THE MOST SUCCESSFUL theater of Union military and naval operations in 1862 had been the Mississippi River valley and the adjacent regions drained by the great river’s tributaries. Yet these conquests attracted less attention at home and abroad than frustration and failure in the East. Lincoln noted this contrast in a letter of August 4 to Count Agénor-Etienne de Gasparin, a Union supporter in France. Gasparin had warned the president that Northern military victories were necessary to forestall European recognition of the Confederacy. Lincoln agreed, but added: “It seems unreasonable that a series of successes, extending through half-a-year and clearing more than a hundred thousand square miles of country, should help us so little, while a single half-defeat [the Seven Days’] should hurt us so much.”37
Yet Lincoln himself found it necessary to devote most of his attention to the Eastern theater and to events in Middle and East Tennessee. When a prominent judge in St. Louis accused the president of neglecting the Mississippi Valley, he responded that he was strongly committed to opening the river, but he had to focus on the threats to Kentucky as well as to Maryland and Pennsylvania. “The country will not allow us to send our whole Western force down the Mississippi,” wrote the commander in chief, “while the enemy sacks Louisville and Cincinnati.”38
Lincoln was well aware of the strategic importance of the great river he had twice descended on a flatboat in his youth. The success of the Union river navy that fought its way down to Vicksburg, and of David G. Farragut’s blue-water navy that fought its way up to the same Confederate bastion in the spring of 1862, had given early promise of opening the whole river from Minnesota to the Gulf. But the reinforced strength of this new “Gibraltar of the West” at Vicksburg and the summer drop in the river level, which threatened to ground Farragut’s deep-draft vessels, ended that effort in August 1862. The military crises in Kentucky and Maryland, as well as a combined attempt by two smaller Confederate armies under Gens. Earl Van Dorn and Sterling Price to drive Grant out of northern Mississippi, prevented any renewed Union effort against Vicksburg until November. And when that effort finally began, it was initially plagued by a divided Union command for which Lincoln was partly responsible.

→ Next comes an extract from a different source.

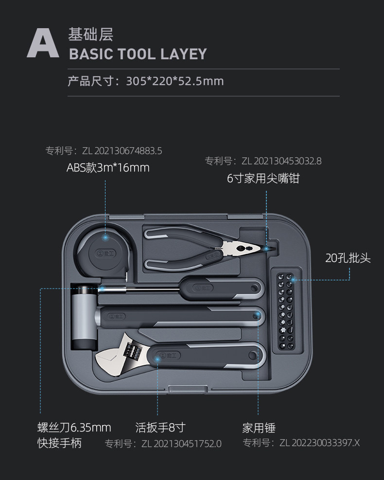 | Color Classification | Y3-Abe (Manual Set + Large Storage Layer),Y4-Abde (Manual Set + Large and Small Storage Layers),Y3-Abj (Manual + Angle Grinding Layer),Y3-Abw (Home Version Set),Y4-Abwd (Home Version + Small Storage Layer),Y4-Abwe (Home Version + Large Storage Layer),Y5-Abwde (Home Version + Large and Small Storage Layers),Y4-Abwj (Home Version + Electric Grinding Layer),Y5-Abwje (Home Version + Electric Grinding Layer + Large Storage Layer),Independently Developed, Every Piece Is a Masterpiece,Y3-Abc (Classic Electric Drill Set),Y4-Abce (Classic Electric Drill + Large Storage Layer),Y5-Abcde (Classic Electric Drill + Large and Small Storage Layers),Y4-Abcj (Classic Electric Drill + Electric Grinding Layer),Y5-Abcje (Classic Version + Electric Grinding Layer + Large Storage Layer),Y2-Zb (Electric Batch High-End Set),Y3-Zbc (Professional Player Set),Y4-Zbcj (Professional Player Kit + Electric Grinding Layer),Y5-Zbcje (Professional Player A+ Electric Grinding Layer + Large Storage Layer),Y3-Abh (Manual Set + Cleaning Set),Y4-Abwh (Home Version + Cleaning Layer),Y5-Abweh (Home Version + Cleaning Layer + Large Storage Layer),Y8-Abwdejhy (Family Version Family Portrait),Y4-Abch (Classic Electric Drill + Cleaning Layer),Y8-Abcdejhy (Classic Family Portrait),Y3-Zbh (Electric Batch + Cleaning Set),Y8-Zbcdejhy(Family Portrait Plus),Y3-Abw (Home Version Set),Y4-Abwd (Home Version + Small Storage Layer) |

In November 1862 Lincoln decided to replace the controversial Benjamin Butler with Nathaniel P. Banks as commander of Union army forces in southern Louisiana. Banks’s record in Virginia, where he had been roughly handled by Stonewall Jackson, offered dubious promise of success as a combat commander in Louisiana. Nevertheless Lincoln and Halleck gave Banks the mission of opening the Mississippi River—which would require the capture of Vicksburg and of Port Hudson, a second fortified bastion two hundred miles south of Vicksburg. On November 9 Halleck instructed Banks that “the President regards the opening of the Mississippi River as the first and most important of all our military and naval operations, and it is hoped that you will not lose a moment in accomplishing it.”39
Many of the regiments from New England recruited in response to Lincoln’s July 1 call for new three-year volunteers, plus several nine-month militia regiments organized in the fall of 1862, were assigned to Banks. His Army of the Gulf grew into a sizable force. Banks outranked Grant at the time, so Halleck told him that “as the ranking general in the Southwest, you are authorized to assume control of any military forces from the Upper Mississippi which may come within your command. The line of division between your department and that of Major-General Grant is therefore left undecided for the present, and you will exercise superior authority as far as you may ascend the river.”40
Lincoln overrated Banks’s abilities, as future events would show.41 At this time he also overrated the capacity of another general who would complicate the command situation in the Vicksburg campaign: Maj. Gen. John A. McClernand, who did not outrank Grant but thought he should.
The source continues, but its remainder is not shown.